He awakes from time to time, in fits and starts, trying to remember his dreams. Was Luce in them? he wonders. But he can’t remember, and, to his utter dismay, he can’t remember her face either. Is this what it’s like to lose someone? he wonders. Forgetting everything about them you never thought you’d forget in a million years?
If so, he never wants to lose someone again.
Finally, he gives up on sleep, moving away from Check and Rod and Gonzo, who are breathing heavily nearby. He checks that Geoffrey’s still there, too, and he is, looking even younger in sleep than he does when awake. Janice—his mother—is curled up like a backwards S. There’s something in her hands, clutched tightly. His old Zoran watch, he realizes. She really loves that thing.
The entire building is asleep, except for the guards perched on the windowsills. He wonders where Harrison and Destiny are. He assumes they’re together as they’ve been inseparable since the gunshot incident back at the camp. As they fled the woods, his brother and Destiny stayed together, whispering to each other the whole way. They seemed close in a way he’s only ever been with Luce.

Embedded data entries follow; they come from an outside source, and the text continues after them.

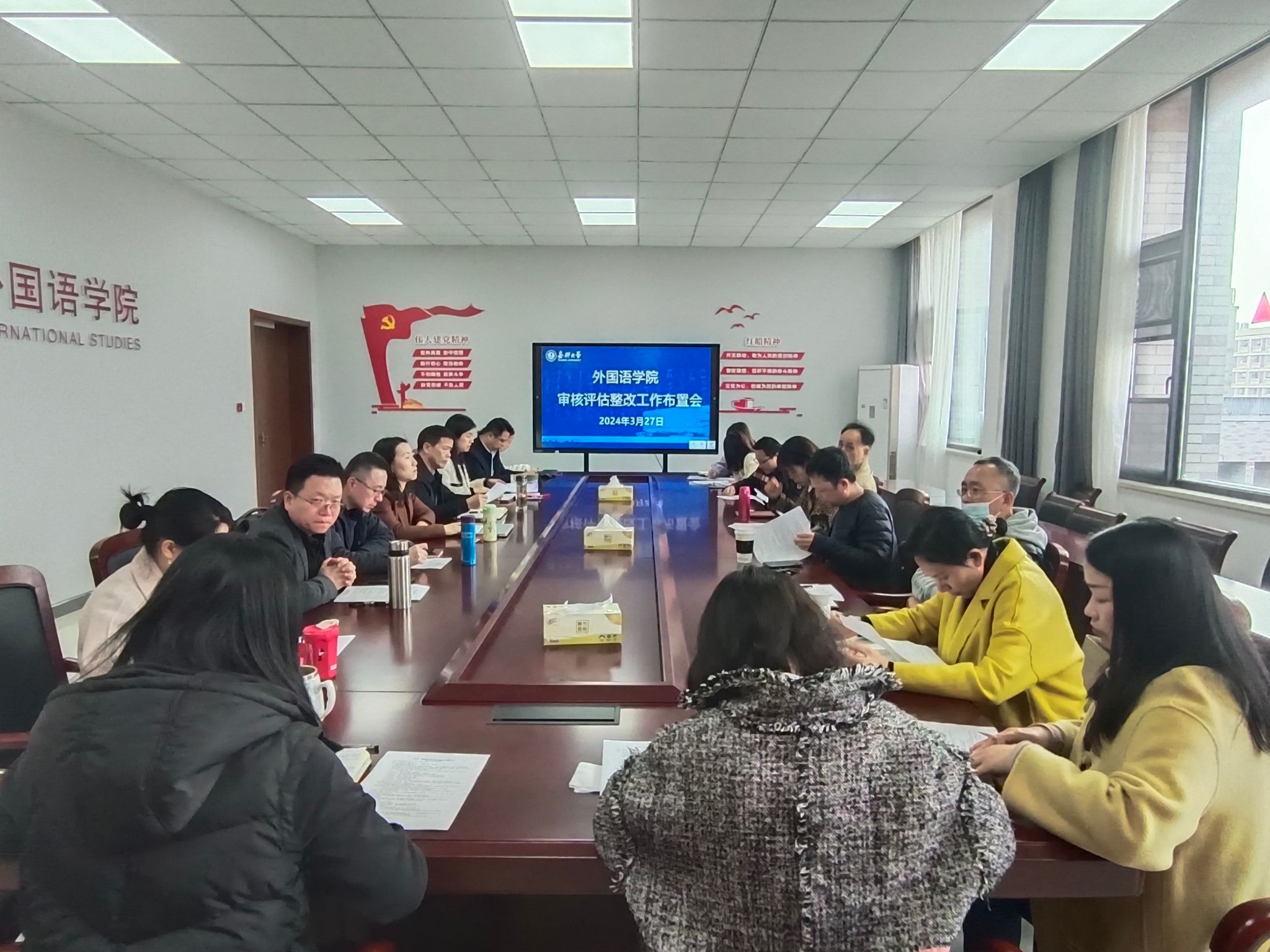 3月27日下午,私房tv 在兴德楼南楼516会议室召开本科教育教学审核评估整改工作布置会。学院党政领导班子成员、专业负责人、系部正副主任、教研室主任、教学督导和教学管理人员参加会议,会议由院长唐艳芳主持。
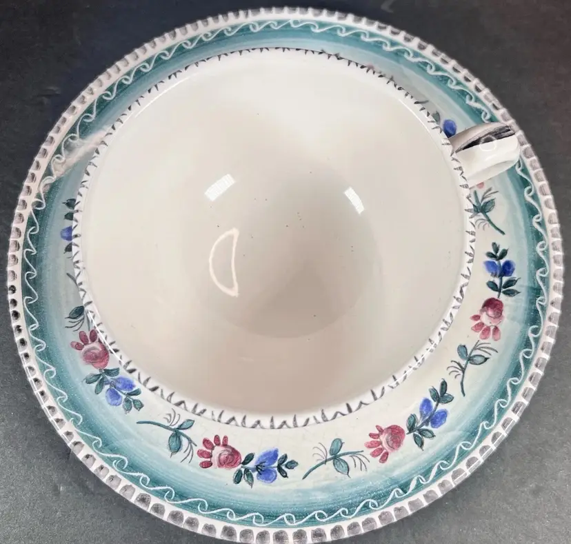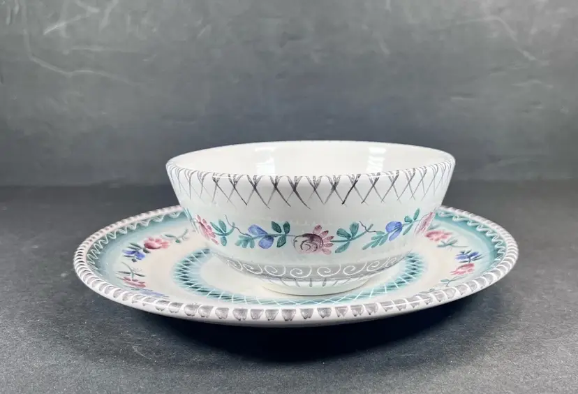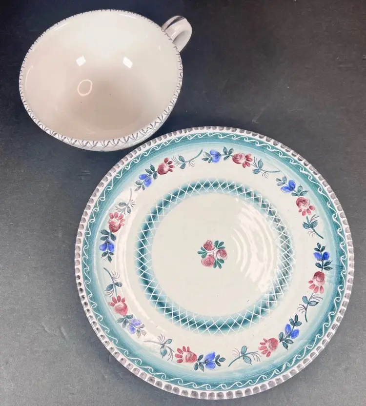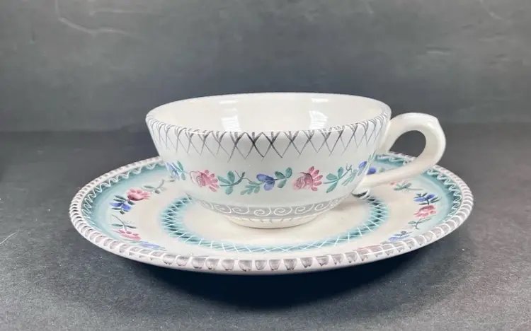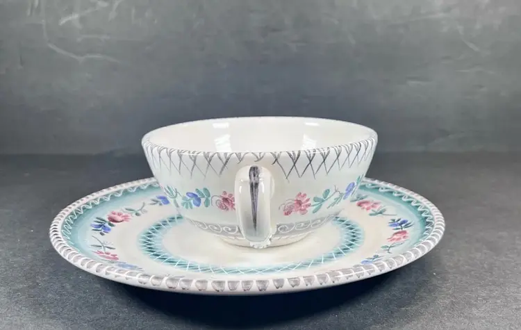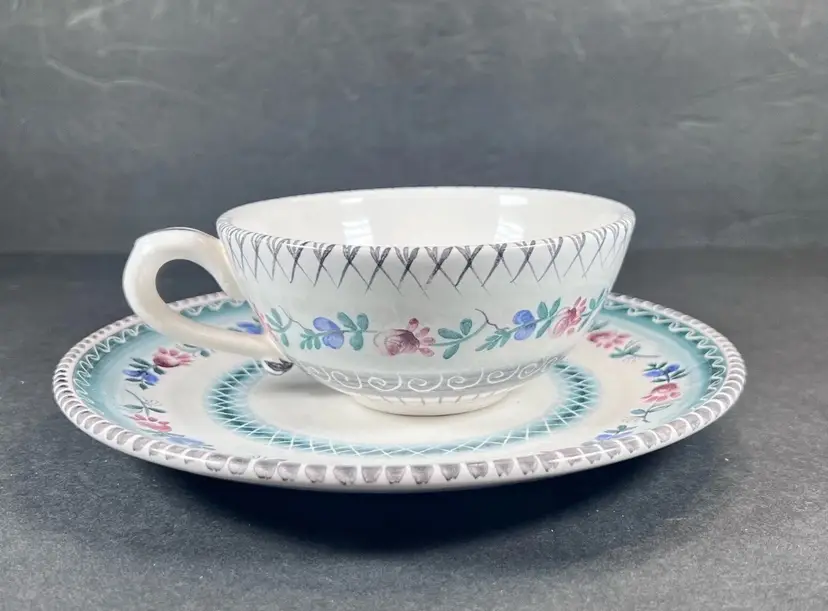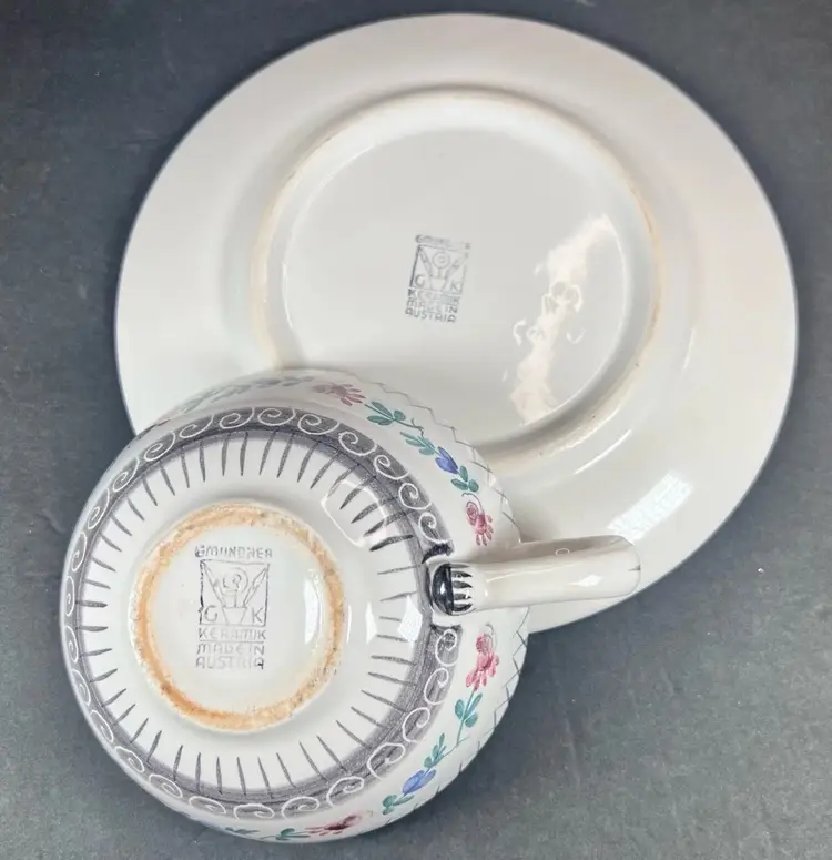 This GMunder Keramik teacup and saucer set features a beautiful hand-painted floral design on ceramic material. The set includes a saucer and the teacup has an unknown capacity. It was produced in Austria in the 1980s using art pottery production style and pottery techniques. The vintage set is perfect for tea enthusiasts and collectors alike, and its multicolor floral pattern adds a touch of elegance to any setting. It is an original piece and is ideal for both teens and adults. Add this beautiful GMunder Keramik Austria teacup and saucer set to your collection today!
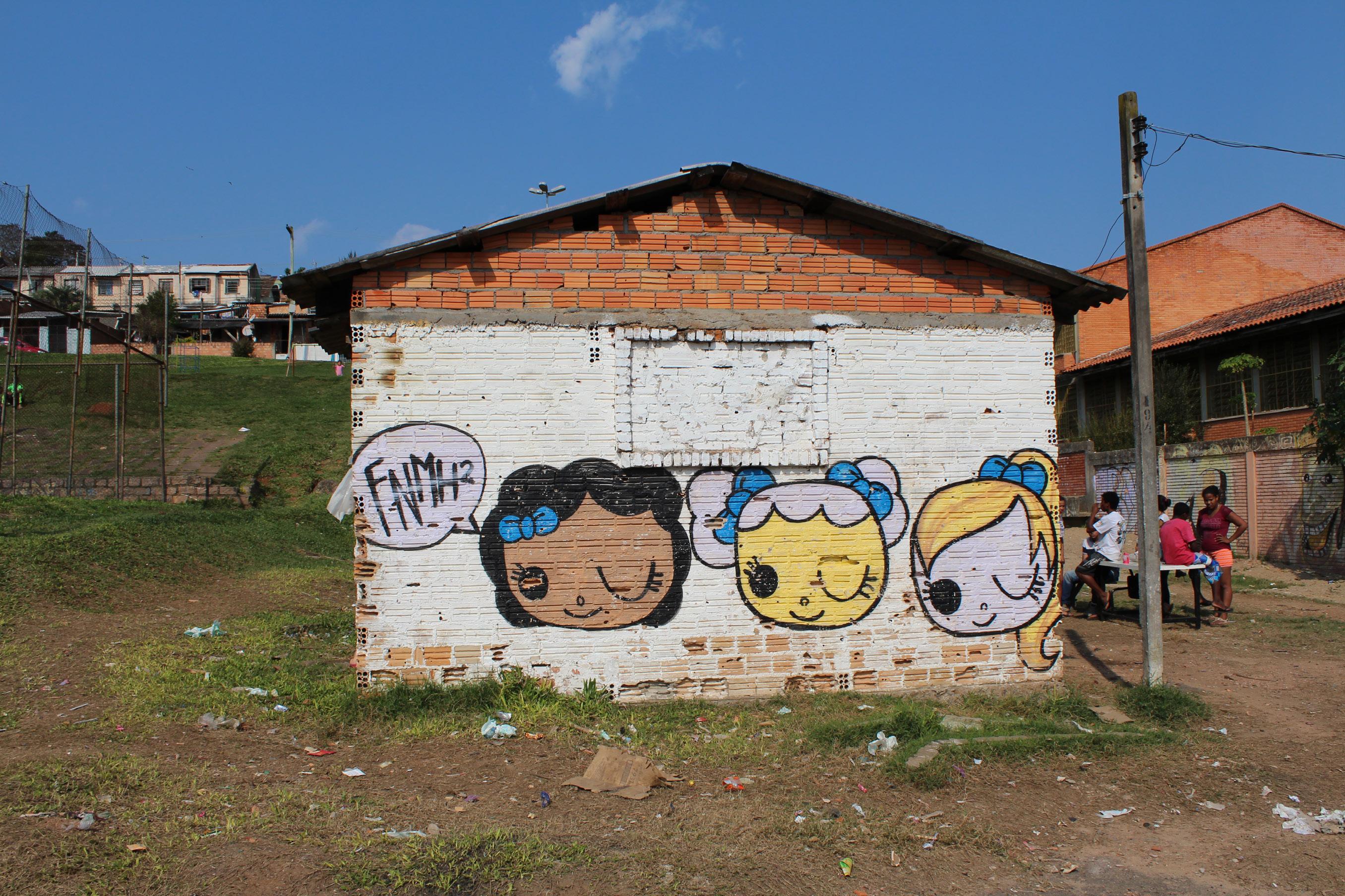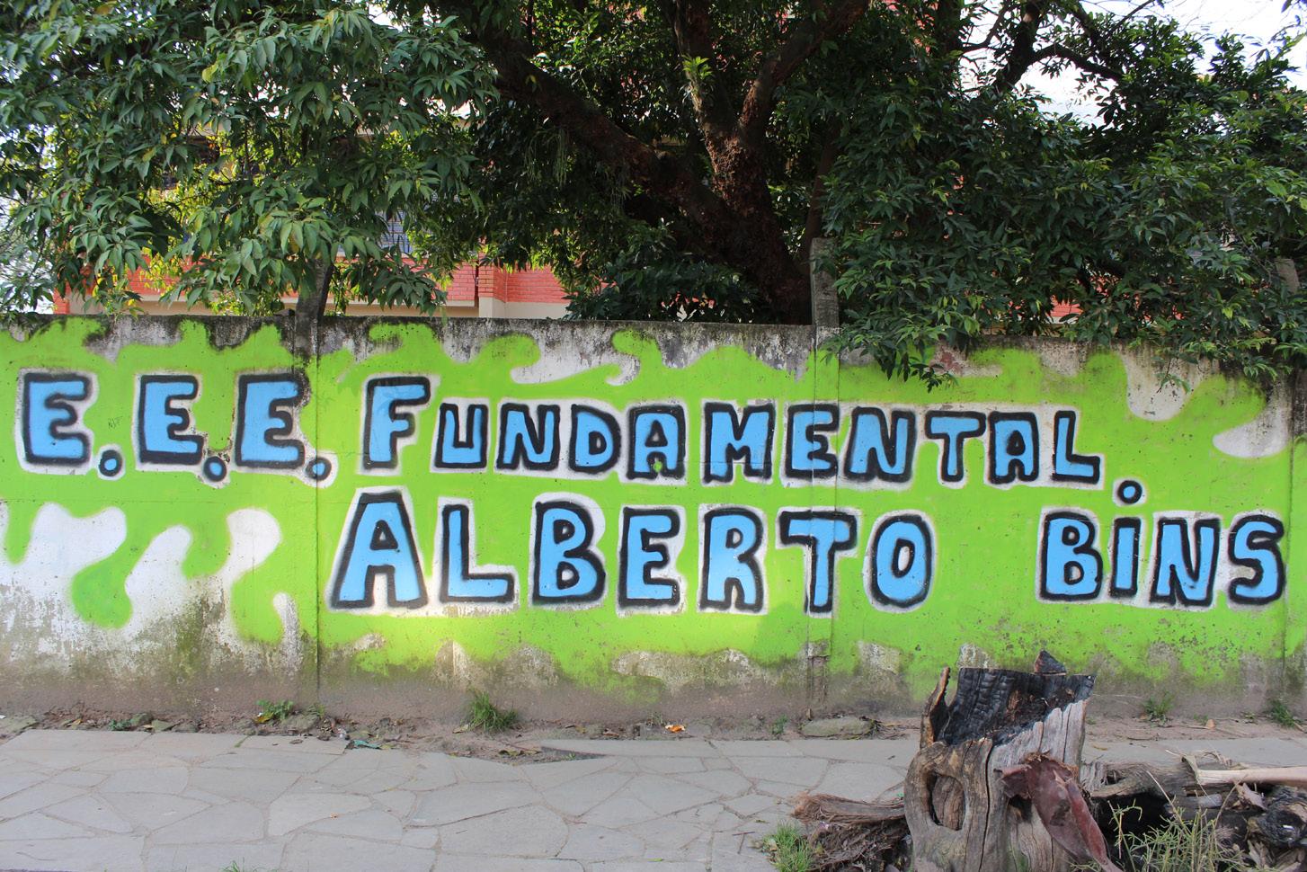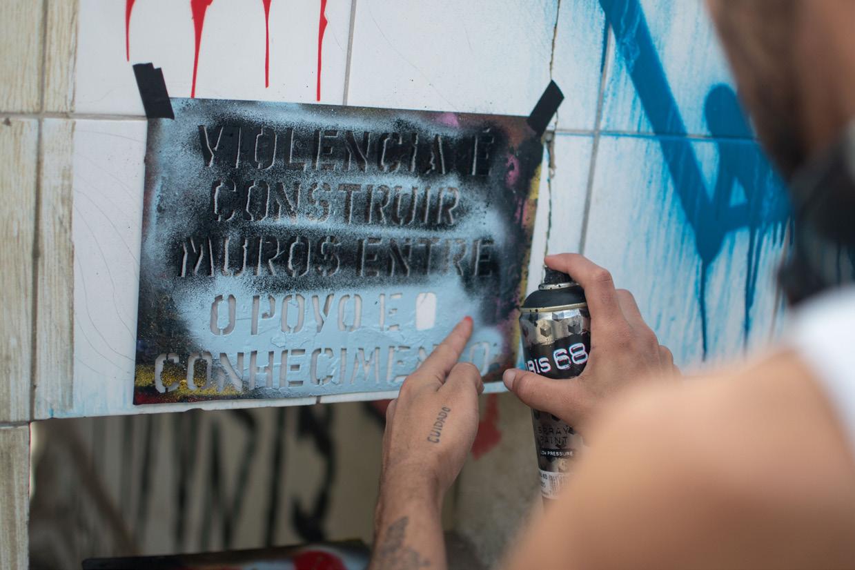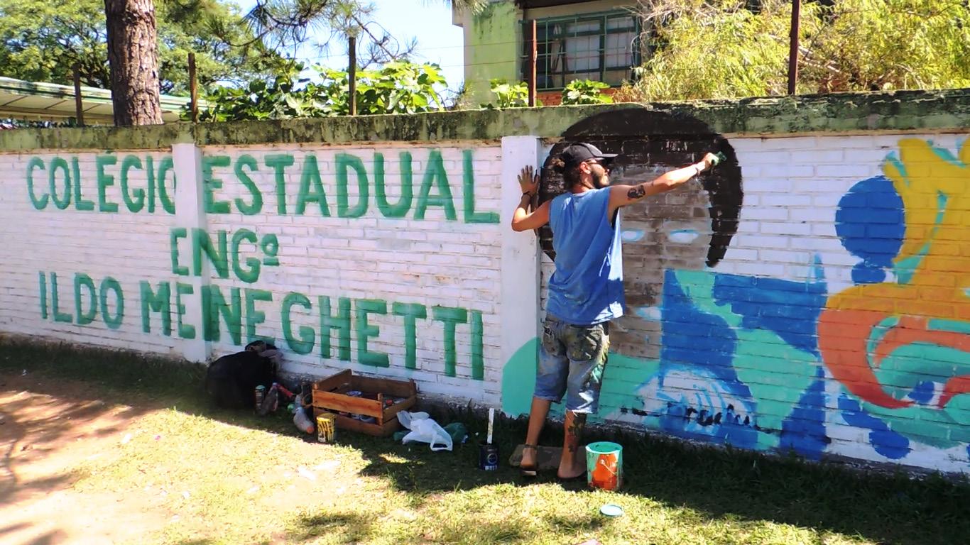 Em Compartilhando pincéis, tintas e histórias: Mutirão de graffi ti no Colégio Ildo Meneghetti, Leonardo Palhano Cabreira acom panha um mutirão de graffiti para dar novas cores ao muro do Co légio Ildo Meneghetti, no bairro Restinga em Porto Alegre/RS.

Which means Harrison should understand why…
what happened
…left him so broken. He should understand that he can’t just “get over” Luce and that she’s not just “some chick.” A renewed burst of hot anger seeps through his veins. He takes a deep breath, trying not to think about Harrison or their argument. Trying to move on.
His mind restless, his feet seem to have a mind of their own. To his surprise, he finds himself in the temporary medical corner. There are a handful of beds, which are really desks with blankets on them. All the patients are sleeping. Except, wait…
Not all of them.
One is sitting up, staring at the wall, back to him. A woman, he guesses, judging by the long dark hair. Minda, the guardswoman who saved Harrison and Destiny—later saved by the same pair during Pop Con’s raid. Last he’d heard, she hadn’t woken up and her status was precarious.
Clearly, she’s awake now.
“Are you okay?” Benson asks.
He sees her body tense, but she doesn’t flinch, or even turn around. “My head feels like it’s swimming through quicksand,” she says. “Oh, and I can’t see out of one of my eyes. Other than that, I’m perfectly fine.”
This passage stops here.